Pernyataan ini di satu sisi bisa menjadi lampu hijau bagi Assad untuk melakukan apapun yang mereka inginkan asal tidak menggunakan senjata kimia, dan di sisi lain juga menjadi peringatan dari Obama bagi “pemain lain di lapangan” atau kelompok oposisi bahwa AS mempunyai alasan untuk melakukan intervensi militer jika para oposisi tidak mau bekerjasama dan melayani kepentingan AS.
Terkait Suriah dan Yaman, ada yang istimewa dari kedua negara tersebut bagi perjuangan kelompok-kelompok Islam dalam usaha mereka mendirikan khilafah Islamiyyah ‘ala minhajin nubuwah yang dijanjikan itu.

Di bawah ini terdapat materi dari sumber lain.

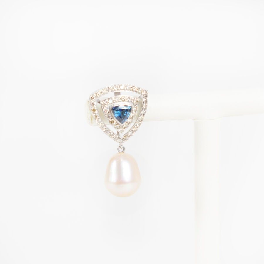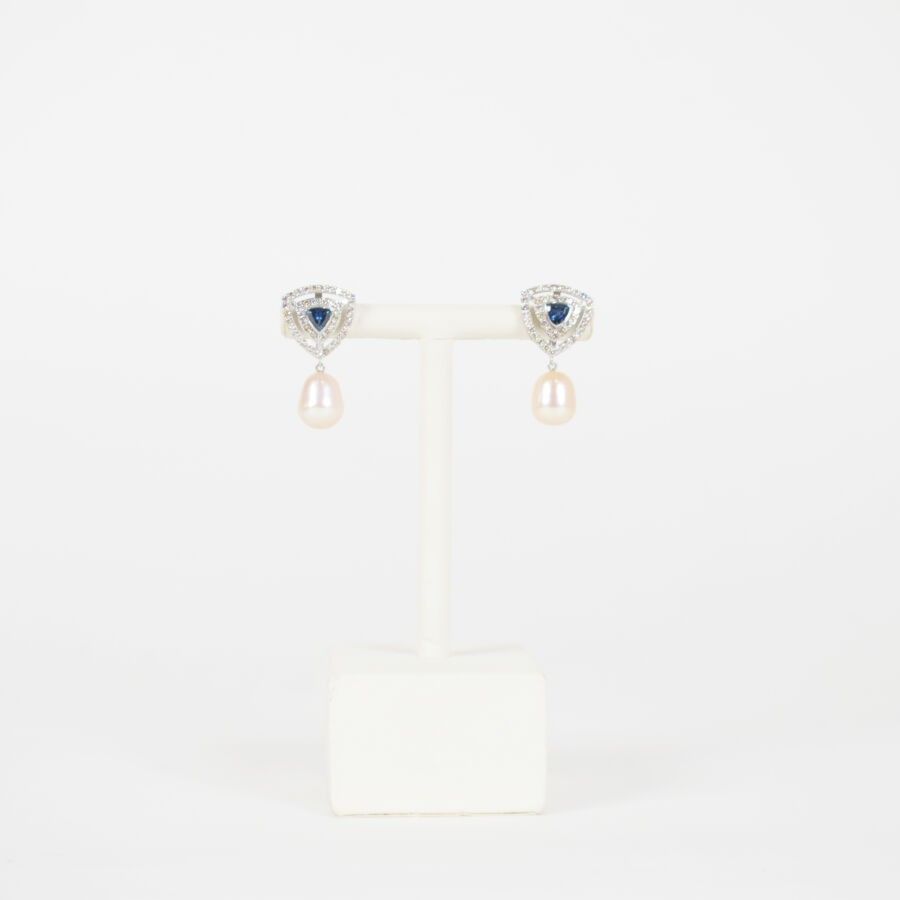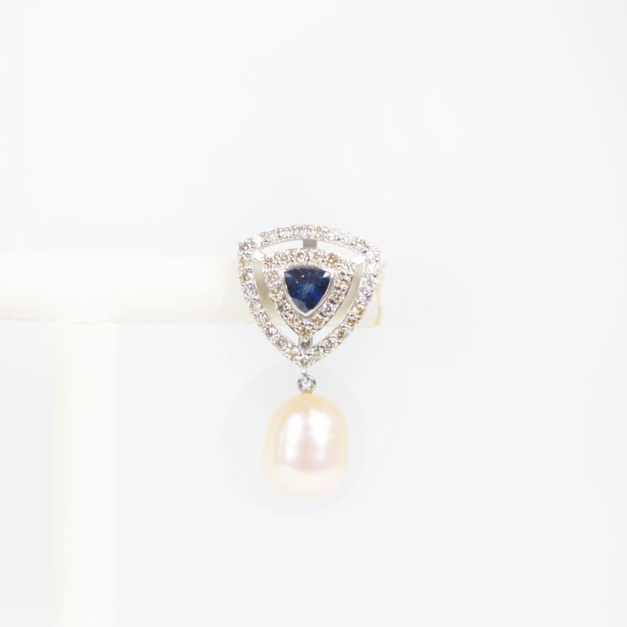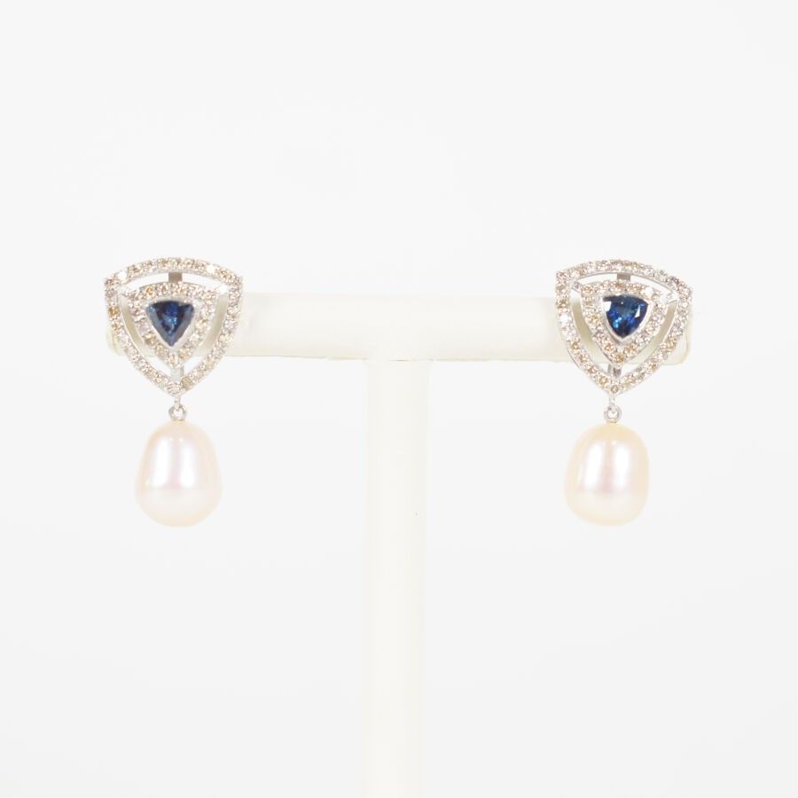 Pair of 9K (385/oo) gold triangle-shaped earrings, centred on sapphires weighing approximately 0.6 ct, in a double border of diamonds, ending in a pearl pendant weighing approximately 12.3 ct, L. 24 mm. Gross weight: 4.7 g.
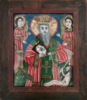 Dovadă a cinstei de care se bucura acest sfânt în satul tradițional sunt icoanele pictate pe sticlă, în secolul al XIX-lea, în cunoscute centre de iconari. Astfel de icoane, pictate la Șcheii Brașovului, Țara Oltului și Făgăraș, se regăsesc și în expoziția permanentă a Muzeului de Artă Populară Populară.

Menurut Abdullah bin Muhammad dalam tulisannya “Valuable Collection for the Strategic Memorandum Series”, Syam, dimana Suriah juga termasuk di dalamnya, dan Yaman dipandang memenuhi kriteria sebagai starting pointbagi rencana pendirian khilafah. Kedua wilayah berada di titik vital jantung dunia Islam. Yaman secara teritorial dekat dengan Hijaz, dimana Mekah dan Madinah terletak di sana. Sedangkan Jerussalem terletak di Syam, yang meliputi Suriah, Yordania, Libanon, Palestina serta Sinai. Kedua wilayah tersebut juga memiliki air dan makanan, sehingga secara logistik mereka tercukupi. Secara karakteristik masyarakat, cukup dengan fakta bahwa penduduk Yaman dan Syam adalah yang paling banyak terlibat dalam kancah jihad. Mayoritas jihadis di Afghanistan adalah dari Yaman, dan tidak akan ada jihad di Irak tanpa orang-orang Syam. Lebih daripada itu, beberapa hadits nabi juga menjelaskan tentang keunggulan dari kedua bangsa tersebut.
Dari Abdullah bin Umar, Rasulullah saw bersabda, “Allah meletakkan Syam di depanku dan Yaman di belakangku, dan Dia berkata kepadaku, ‘wahai Muhammad, Aku letakkan di depanmu sebuah hadiah dan anugrah, dan di belakangmu sebagai penguat.” (HR. Bukhari, dicantumkan oleh Al-Albani dalam shahih al jami’).
Secara militer, penduduk dari kedua negeri tersebut adalah yang paling disiplin selama perang. Sudah dikenal sepanjang sejarah Islam bahwa pasukan adalah pasukan Syam, dan pendukung adalah dukungan dari Yaman.
Selain itu, secara geografis Yaman juga diuntungkan dengan supply mujahidin dari kawasan teluk Arab, Somalia, dan Sudan. Sedangkan Syam akan diuntungkan dengan kemungkinan supply pasukan dari Irak, Turki, Mesir, dan wilayah utara semenanjung Arab.